Angestachelt von meiner medialen Berühmtheit meldet sich nun auch das online Pferdemagazin pferde.de bei mir mit dem Wunsch nach einem Interview. Das ist aber noch nicht erschienen, weil andere aktuelle Themen Vorrang haben: Mückensaison, Anweiden, Fohlengeburt und Fellwechsel. Wie auch immer – so viel Presse hatte ich noch nie in einem Monat. Der einzige Artikel über meine Arbeit, der zuvor je geschrieben wurde, ist aus dem Jahr 2020, als die Hochschule für Schauspielkunst Ernst Busch aus Berlin ein paar ihrer Studierenden zu mir entsandte für einen 4-Tages-Workshop im sommerlich heißen August (hier zum Nachlesen).

Ob diese Medienpräsenz nachhaltig etwas gebracht hat? Keine Ahnung, dafür ist es erst zu kurz her. Eher nichts, würde ich sagen. Ich war stolz darauf, dass mein Jüngster anerkennend sagte: „Hey, bist voll die Media-Mum!“ und erleichtert, dass der mich beim Einkaufen umwehende Pferdeduft nun eine Art tiefere Rechtfertigung besitzt – ansonsten war’s das aber auch schon.

Zeitungsartikel

Zweifel, Mißtrauen und der Rest

Und damit wären wir auch schon da: Mein April war auch innerlich eine Eiszeit. Mich plagten Zweifel aller Art. Wie erreiche ich meine Wunschkundinnen (ich fokussierte mich immer stärker auf LinkedIn – auch wegen des Umgangstons und dem Wunsch nach B2B für mein Angebot)? Welche Art der Sprache und der Bilder erreicht die richtigen Menschen (inzwischen kürze ich meine Sätze und meine Ironie)? Gebe ich zu viel kostenlos raus? Sind meine Angebote zu teuer? Oder einfach nicht attraktiv genug? Was fehlt? Was ist zu viel? WAS IST RICHTIG? Ich war das Experimentieren leid. Zumal die Resultate widersprüchlich waren.
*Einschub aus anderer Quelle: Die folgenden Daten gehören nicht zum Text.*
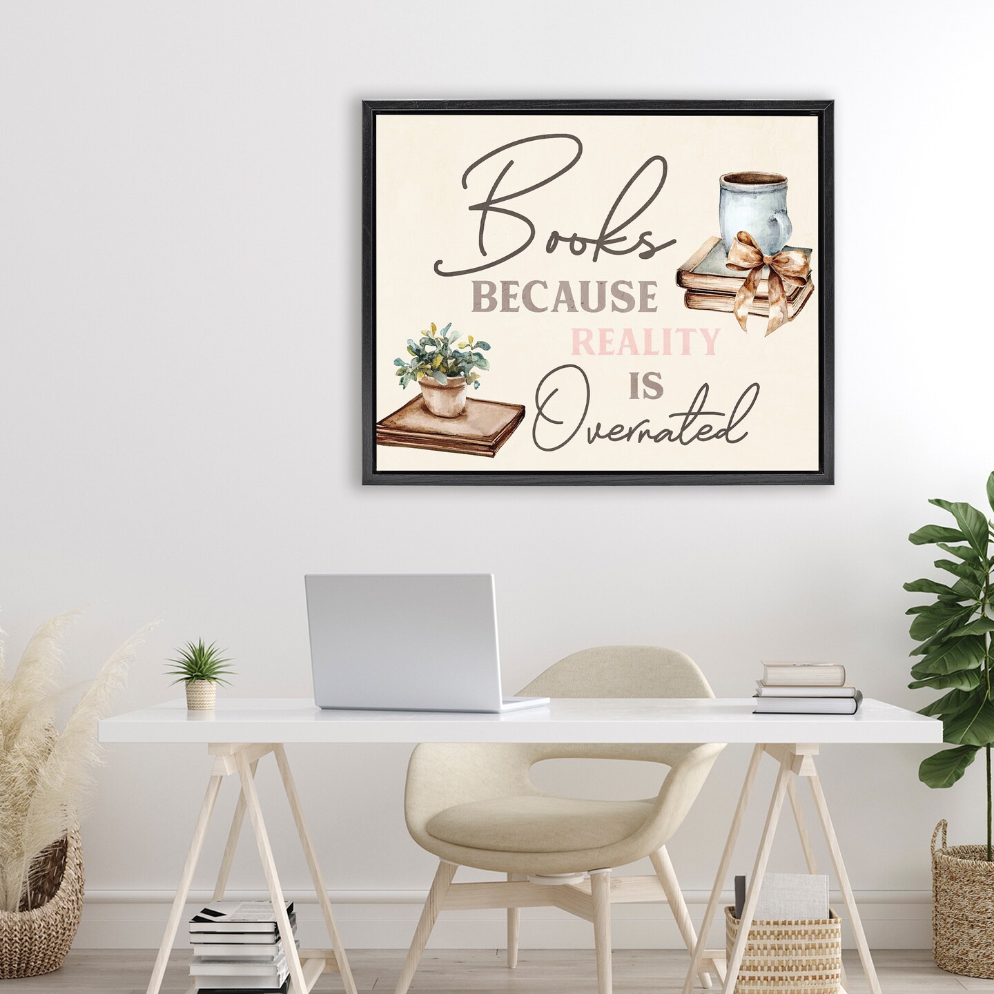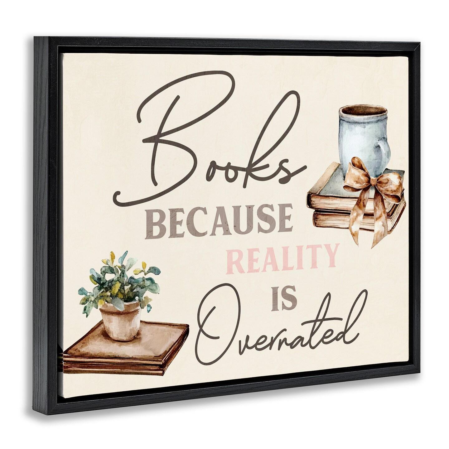 Stupell Industries Books Because Reality Overrated Floating Frame, design by Kim Allen

Und dann kam noch etwas hinzu, was mich phasenweise wirklich frustrierte. Meine Webinare, Posts und Newsletter bekamen sehr viel Anerkennung in Form von Kommentaren, Testimonials und Antworten – aber sie brachten kaum Kunden. Mich beschleicht ein blöder Gedanke: ist überschwängliches Lob eine Art zu sagen „Verzeihung, dass ich dich nicht buche.“? Denn je mehr Enthusiasmus und Wirbel nach außen, desto stiller wurde es in meinen Verkäufen. Und das Schlimmste daran ist, dass ich das Gefühl habe, einen entscheidenden Fehler zu machen. Ich verschwende meine Zeit und meine Inhalte kostenlos und scheine damit meinen Wert in den Augen vieler zu untergraben. Und nachdem man kostenlos zugegriffen hat, fühlt man sich genötigt, etwas besonders Nettes zu sagen… Mit anderen Worten: Mißtrauen und Selbstzweifel haben mir jede Anerkennung schal werden lassen und (angebliche) Erfolge in meinen Augen zunichte gemacht.
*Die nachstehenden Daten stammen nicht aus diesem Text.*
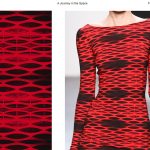 Invece le altre stampe le ho progettate come pattern fin dall’inizio, ad esempio quella che crea una sorta di effetto rete, che ho realizzato a partire dalla foto di un ponte che aveva proprio l’aspetto di una sorta di rete dai fori ampi ed ovali. Attraverso i filtri ho ottenuto un aspetto grafico e bicolore, optando per rosso e nero. Tra le stampe che hanno sfilato, questa è l’unica finita in commercio e ne sono state realizzate anche altre versioni, col nero abbinato a viola, verde e blu.

Das fühlt sich gerade nicht gut an. Ich merke, dass ich nicht mehr ohne Skepsis arbeite, wo doch mein fröhlicher Optimismus bisher meine Geheimwaffe war. Jetzt kommt er mir dilettantisch vor. Was mache ich nun damit? Ich nehme mir etwas mehr Zeit für alles, was mich glücklich macht: Ausritte mit meinem Fels in der Brandung (Andrej, mein Pferd, auf dessen Loyalität Verlass ist), ein Buch lesen, das nichts mit Business zu tun hat, im Wald sitzen und meinem Hund Jim dabei zusehen, wie er das Leben schön findet.
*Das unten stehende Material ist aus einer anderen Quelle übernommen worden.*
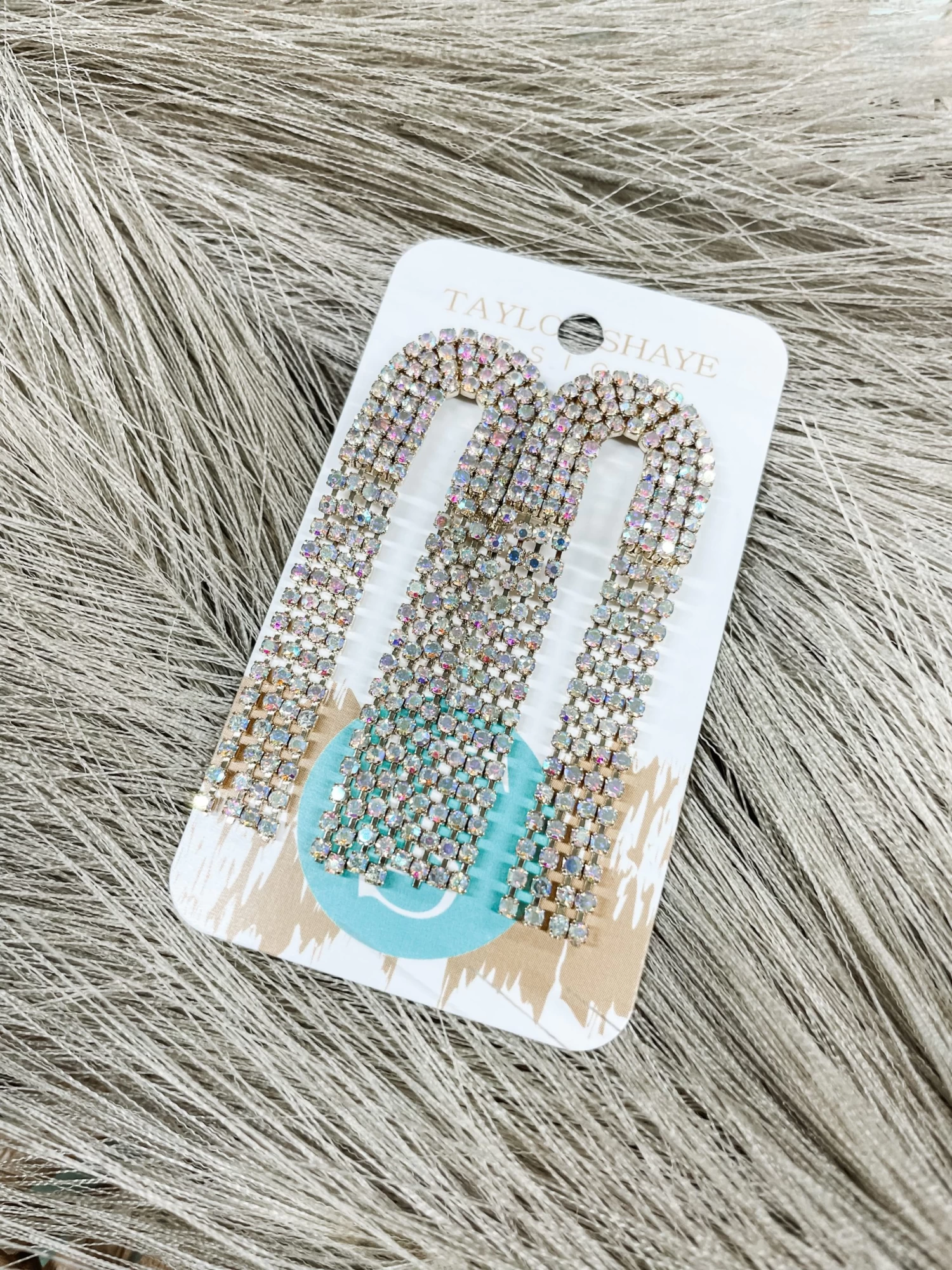 Alexa Rhinestone Chain Drop Earrings- Iridescent

Vielleicht erlebe ich mein erstes richtiges Frust-Tal und sollte ruhig warten, dass es vergeht. Vielleicht sollte ich meine Analyse scharfsinniger vorantreiben und etwas ändern. Sicher sollte ich durchatmen. Atmen ist das Wichtigste, um nicht an seinen Zweifeln zu ersticken.

Weiß blühender Baum auf einer Wiese
Atmen unter einem Baum, der behauptet, dass bald alles anders aussieht.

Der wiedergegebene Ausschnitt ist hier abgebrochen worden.